The clean tech sector is in the midst of grappling with liquidity concerns and softer-than-expected demand, setting the stage for a defensive posture in preparation for the impending Q4 earnings, according to analysis by JPMorgan.

Clean Tech Stocks Show Underperformance

Over the last year, clean tech stocks have largely underperformed the broad market. The standout exception, however, is Enovix Corp ENVX.

JPMorgan remains bullish on Enovix’s potential for substantial revenue growth, particularly in consumer electronics and the EV market. The analysts have pegged a price target of $18 for the stock, reflecting more than a 50% upside from the current levels (approximately $11.85 per share) based on cautious assumptions about manufacturing line installations.

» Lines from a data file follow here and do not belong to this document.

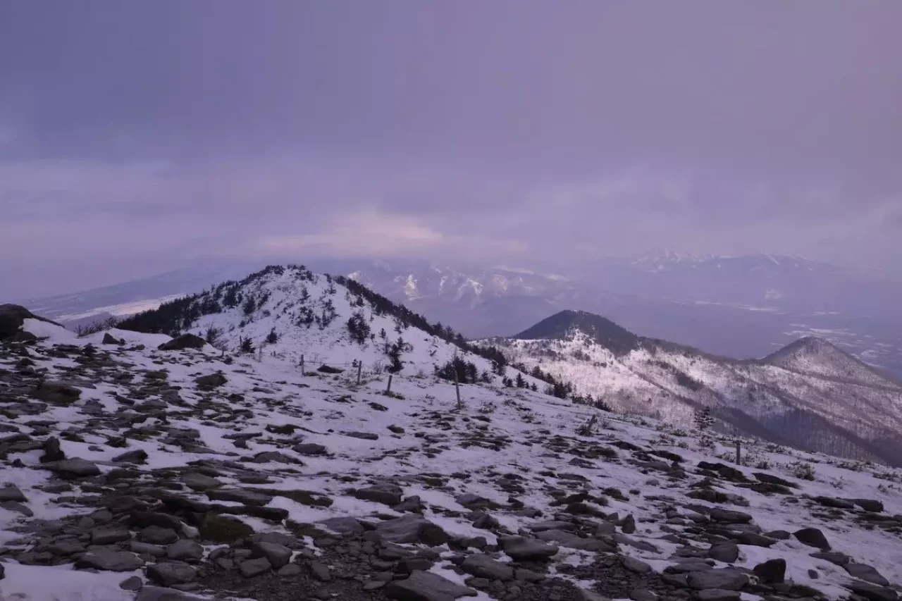 湯ノ丸山頂上へ到着すると冷たく強い風に叩かれる。ハードシェルのフードを被って風を凌ぐも、少し止まるだけで体温が奪われる。
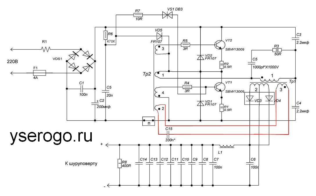 Проблема заключается в том, что выходное напряжение подобных БП переменное с частотой десятки килогерц, да ещё и промодулированное частотой 50 Гц. Оно годится для питания ламп накаливания, но не подходит для шуруповёрта. Значит, его нужно выпрямить и сгладить. Для этого используем диод VD1 и два сглаживающих конденсатора — С1 и С2, подключив их по схеме, приведённой ниже.
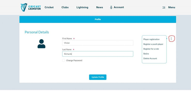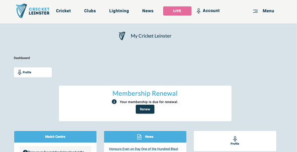 3. Press “Renew” from your profile page. If you wish to remove items from the list, then click on the “Profile” button on the dashboard. Then select “Retire” from the three dot menu button. Retire from the roles you no longer wish to fulfil (e.g., umpire, scorer, player). Then press “Renew” again.
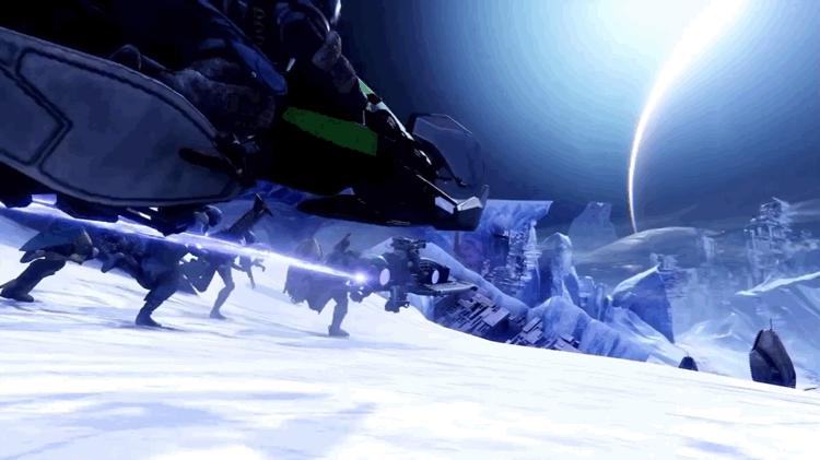 This file is an animated game capture from the Destiny series of video games developed by Bungie, LLC. It falls under the game capture category for a copyrighted computer game or video game, and the copyright for it is most likely held by the company that developed the game. It is believed that the use of a limited number of web-resolution game captures
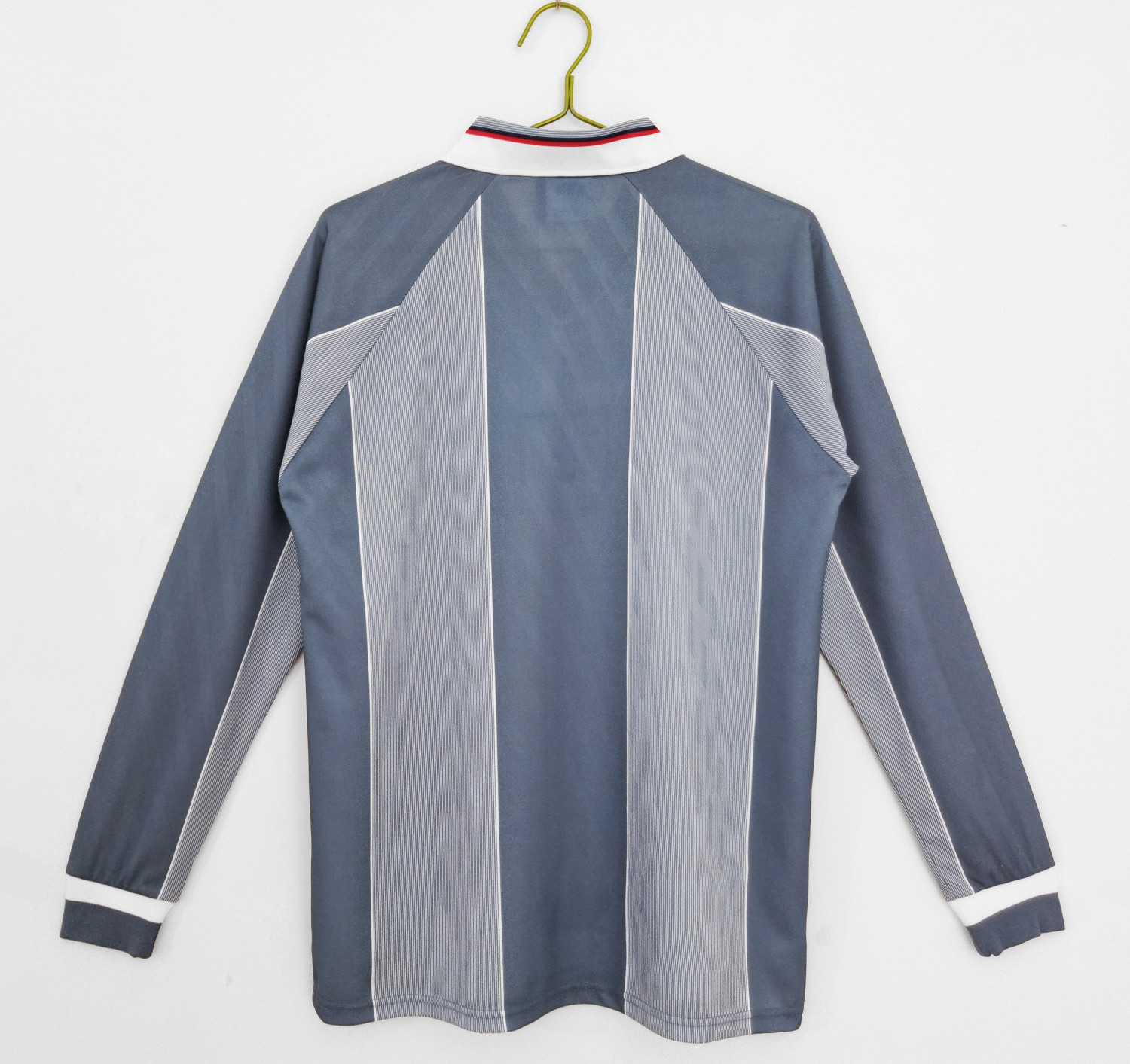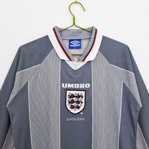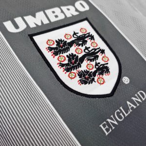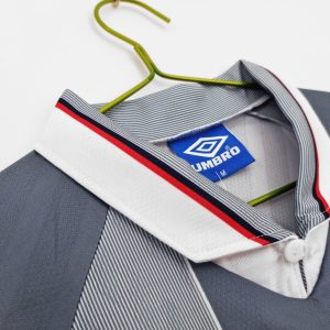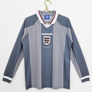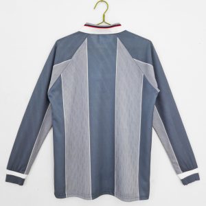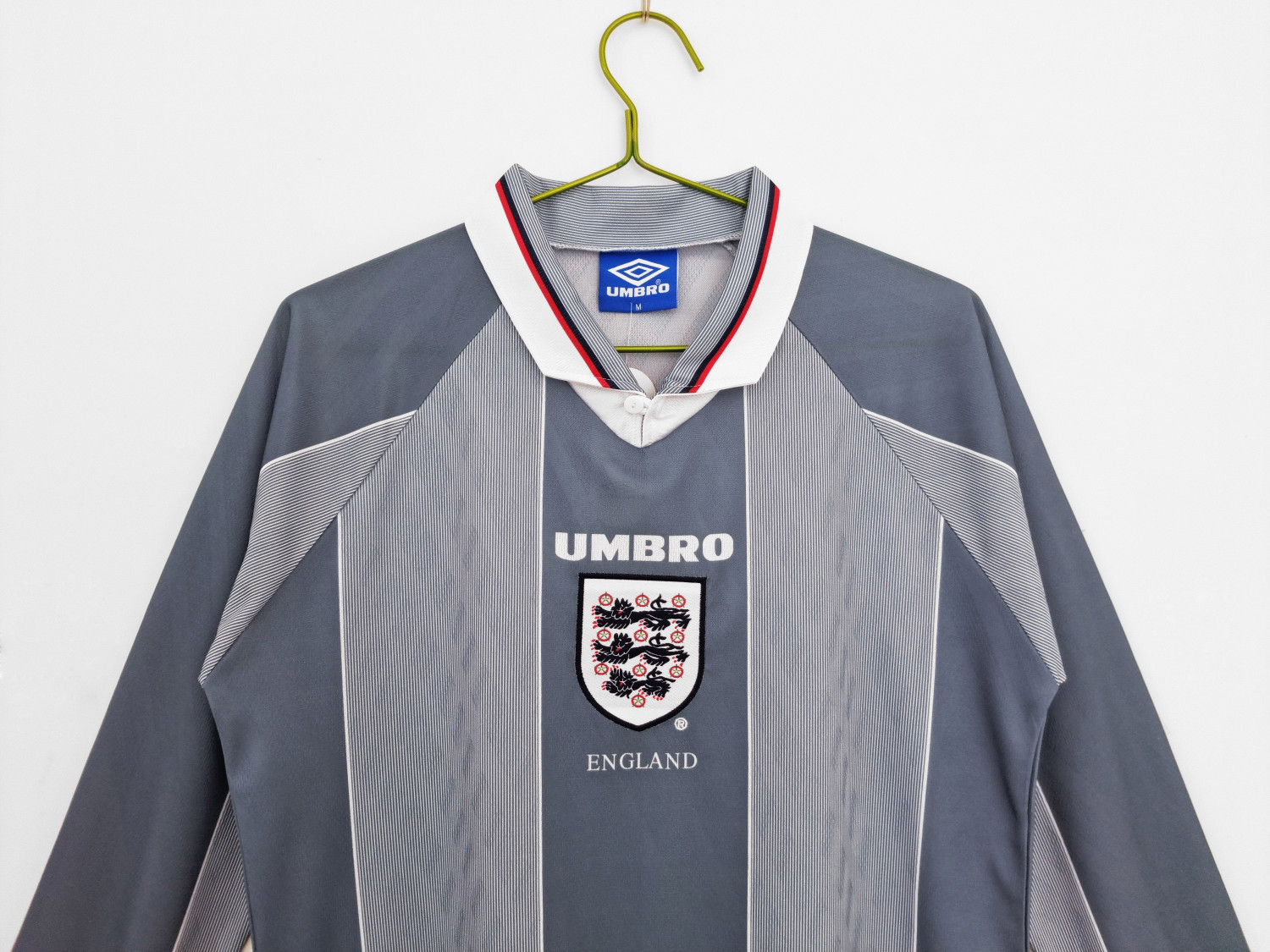 The England 1996 Away Kit – Long Sleeve featured the same light grey base with subtle tonal jacquard patterning as the short-sleeve version, finished with navy blue detailing on the collar and cuffs for a clean, refined look. The long sleeves added a classic, traditional feel that suited England’s Euro 96 campaign perfectly. Worn by players such as Alan Shearer, Paul Gascoigne, and Tony Adams, this long-sleeve away shirt has become a cult favourite, remembered for its elegance, uniqueness, and strong connection to one of the most iconic tournaments in England’s football history.
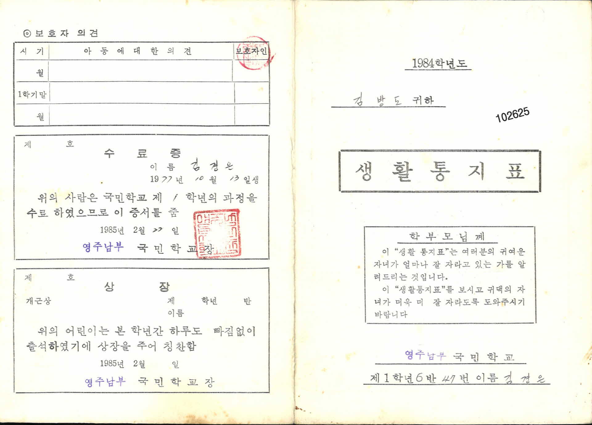 | 기록물명 | 영주남부국민학교 생활통지표 | ||
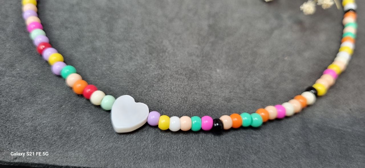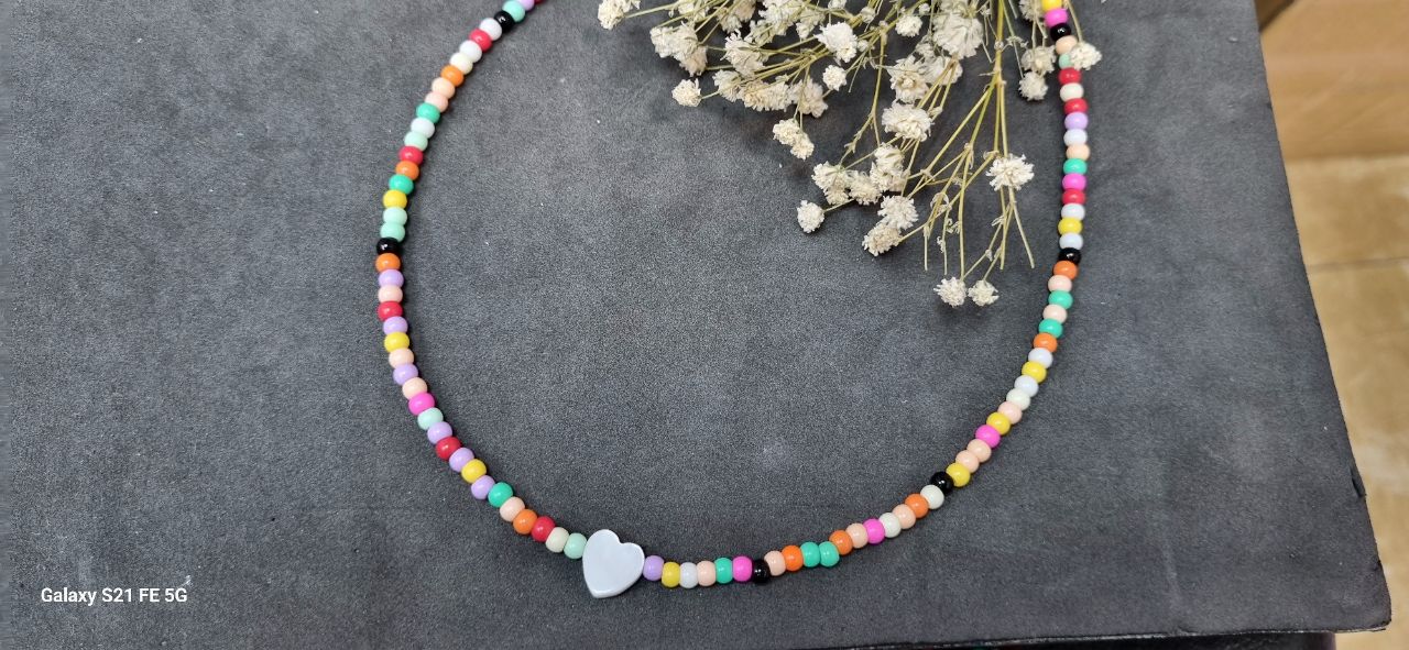 گردنبند منجوق پفکی رنگی و قلب صدف طبیعی
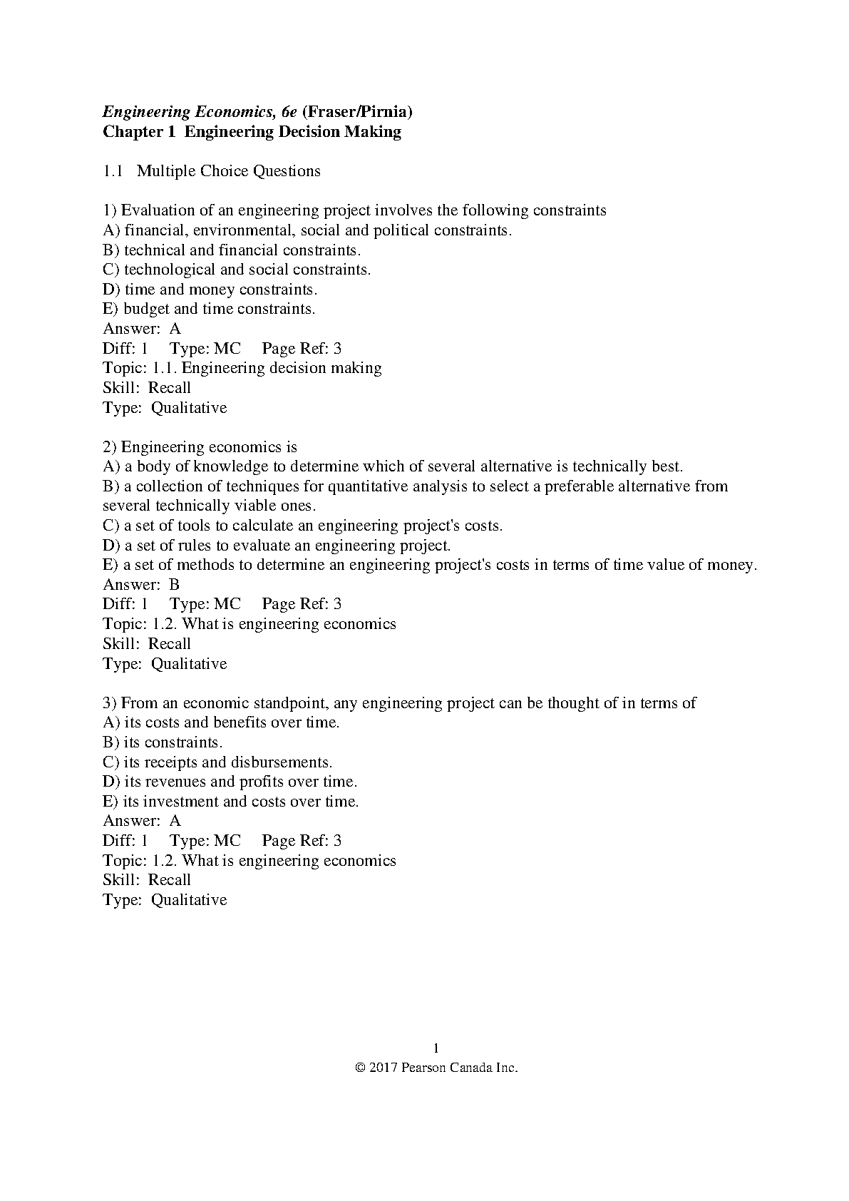 Unlock your academic potential with the official Test Bank for 'Engineering Economics: Financial Decision Making for Engineers, 6th Canadian Edition'. Authored by Fraser, Jewkes, and Pirnia, this comprehensive study tool provides an extensive collection of exam-style questions and verified answers, covering every essential concept from the textbook. It is meticulously designed to help you prepare effectively, master complex financial principles, and confidently ace your exams. Download this invaluable resource today to enhance your understanding and secure top grades in your course.
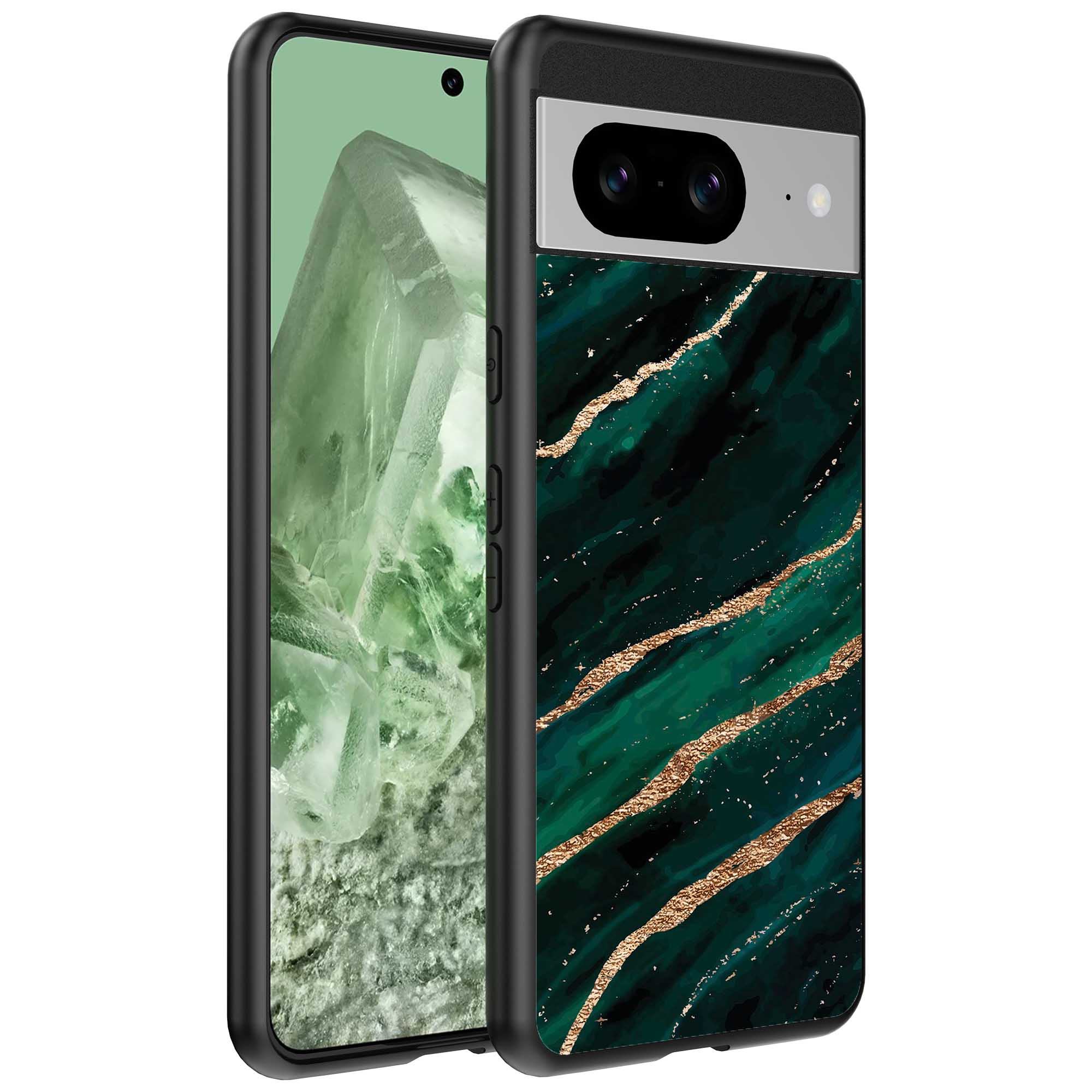 – 1x Google Pixel 8 telefoonhoesje met Groen Goud marmer design
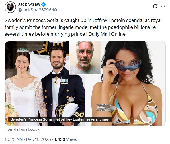 Sweden's Princess Sofia is caught up in Jeffrey Epstein scandal as royal family admit the former lingerie model met the paedophile billionaire several times before marrying prince
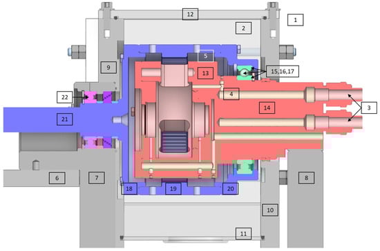 Detailed analysis of power loss distribution is limited. Studies have shown [15] that load-independent losses are significant at high speeds, justifying further investigation. The majority of these studies focus on planetary gear sets with a fixed ring gear. For example, Durand de Gevigney et al. examined the load-independent power loss of a planetary gear set using experimental results and the thermal network method [16]. Some studies use CFD methods to compute load-independent power losses or to analyze flows inside a planetary gearbox [17,18,19,20]. Understanding oil flows within a gearbox can provide valuable information about the power losses associated with the lubricant.
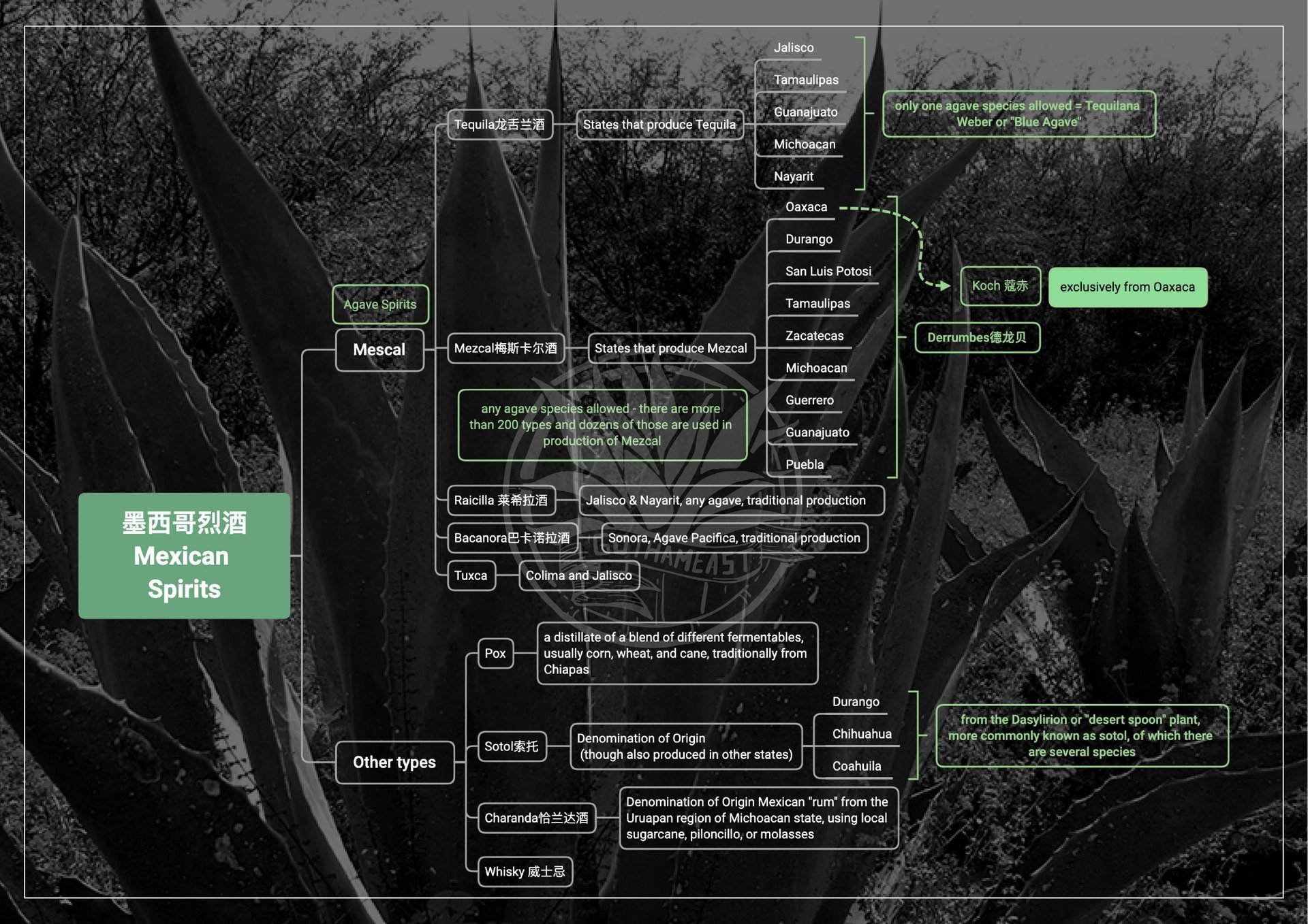 往下又分为特基拉Tequila(用蓝色韦伯龙舌兰酿造、更加工业化)、传统梅斯卡尔Mezcal、巴卡诺拉Bacanora、莱西拉Raicilla和一些其他种类。

Clear Underperformance of Clean Tech

The clean tech sector, especially in the areas of EV charging and hydrogen, has witnessed pronounced underperformance. This includes companies such as:

  • EV Charging – ChargePoint Holdings Inc CHPT & EVgo Inc EVGO
  • Hydrogen – Plug Power Inc PLUG

JPMorgan analyst Bill Peterson notes, “We expect Clean Tech companies to stay in defense mode broadly, with several likely to have experienced a challenging 4Q.” These sentiments have sparked controversy and skepticism among investors who have become increasingly reluctant to take long positions, opting instead to trim their holdings. Short interest across the sector has surged to over 20%, pointing to a cautious approach and aligning with the downturn sentiment surrounding the EV value chain.

Peterson anticipates that Clean Tech companies will continue to prioritize cost-saving initiatives and capex reduction throughout 2024, given the uncertain demand influenced by macroeconomic factors.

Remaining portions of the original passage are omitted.